CSV Encoder & Delimiter Fixer
Fix CSV/TSV delimiters, add UTF-8 BOM for Excel, normalize quotes and line breaks, and validate column counts against RFC 4180 before import.
About CSV Encoder & Delimiter Fixer
CSV/TSV Encoder & Delimiter Fixer is a comprehensive tool for repairing and converting CSV file formats. Change delimiters (comma to semicolon, tab to pipe, etc.), add or remove a UTF-8 BOM for Excel, normalize quotes and escapes per RFC 4180, convert line endings, and validate column-count consistency before a database or spreadsheet import—all processed locally in your browser.
What is CSV Encoder used for?
CSV Encoder fixes common CSV formatting problems: changing delimiters (e.g., converting European semicolon-separated files to standard comma-separated), repairing encoding issues (UTF-8 vs Latin1), adding or removing BOM (Byte Order Mark), normalizing line endings (Windows CRLF vs Unix LF), and fixing malformed quotes or escape characters.
What is BOM and when should I use it?
BOM (Byte Order Mark) is a special character sequence at the start of UTF-8 files. Some applications (especially Microsoft Excel) require UTF-8 BOM to correctly display non-ASCII characters (accents, Chinese, Arabic, etc.). Enable 'Add BOM' if you're creating CSV files for Excel with international characters.

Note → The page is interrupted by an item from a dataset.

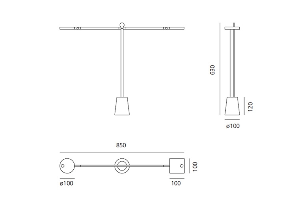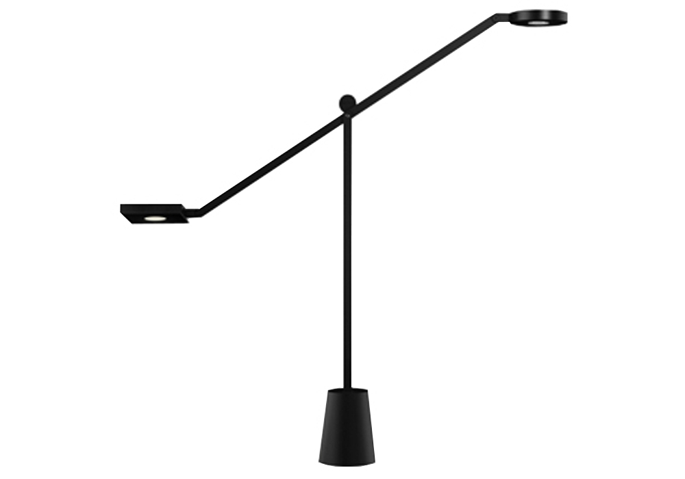 Equilibrist von Jean Nouvel für Artemide entworfen ist eine Tischleuchte mit konischem Sockel aus Zamak und röhrenförmigen Schwingarmen aus schwarz lackiertem Aluminium. Die Diffusoren sind an den Scheitelpunkten einander gegenüberliegend mit LED-Lichtquellen mit dimmbarem System ausgestattet.

How do I fix Excel CSV delimiter issues?
Excel in different regions uses different default delimiters: English Excel uses commas, European Excel uses semicolons. If your CSV file shows all data in one column, the delimiter is wrong. Use this tool to auto-detect the input delimiter and convert it to your Excel's expected format.
What does 'Fix malformed quotes' do?
This option repairs common quoting errors: unescaped quotes inside fields, missing closing quotes, and inconsistent quote usage. It ensures all fields with special characters (quotes, commas, line breaks) are properly quoted and escaped according to RFC 4180 CSV standards.

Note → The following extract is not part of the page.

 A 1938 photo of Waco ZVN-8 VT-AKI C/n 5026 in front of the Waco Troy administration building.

What encodings does this tool handle?
Input is read as UTF-8 (the modern standard) and output is always UTF-8. You can choose UTF-8 without a BOM, or UTF-8 with a BOM that is applied only to the downloaded file. The BOM is the byte sequence Excel looks for to display accented or non-Latin characters correctly. Legacy single-byte encodings such as Latin1 or Windows-1252 are not transcoded here; re-save those files as UTF-8 first.
How do I validate column counts before a database import?
Click Convert & Fix and read the Structure Validation report. It shows the header column count and scans every data row for a mismatched field count. A single ragged row—one extra or missing delimiter—shifts every later column and breaks a DB load or pivot. The report gives a PASS/FAIL verdict and lists the exact offending row numbers and their column counts so you can fix the source before it pollutes a pipeline.
Why does Excel show garbled characters (mojibake) in my CSV?
Excel assumes the system code page when a UTF-8 file has no BOM, so accents and non-Latin text turn into mojibake like 'é'. Select 'UTF-8 with BOM' and download: the tool prepends the BOM only at download time so Excel auto-detects UTF-8, while Copy Output stays BOM-free for pasting into databases or scripts.
Can I convert a TSV (tab-separated) file to CSV?
Yes. Set the input delimiter to Tab (or leave it on Auto-detect) and the output delimiter to Comma, then Convert & Fix. The tool splits on real tab characters and re-emits comma-separated, RFC 4180-quoted output. Reverse the delimiters to go from CSV back to TSV.
Is my data secure?
Absolutely. All CSV processing happens locally in your browser. Your files and data never leave your device, ensuring complete privacy for sensitive information like customer data, financial records, or proprietary datasets.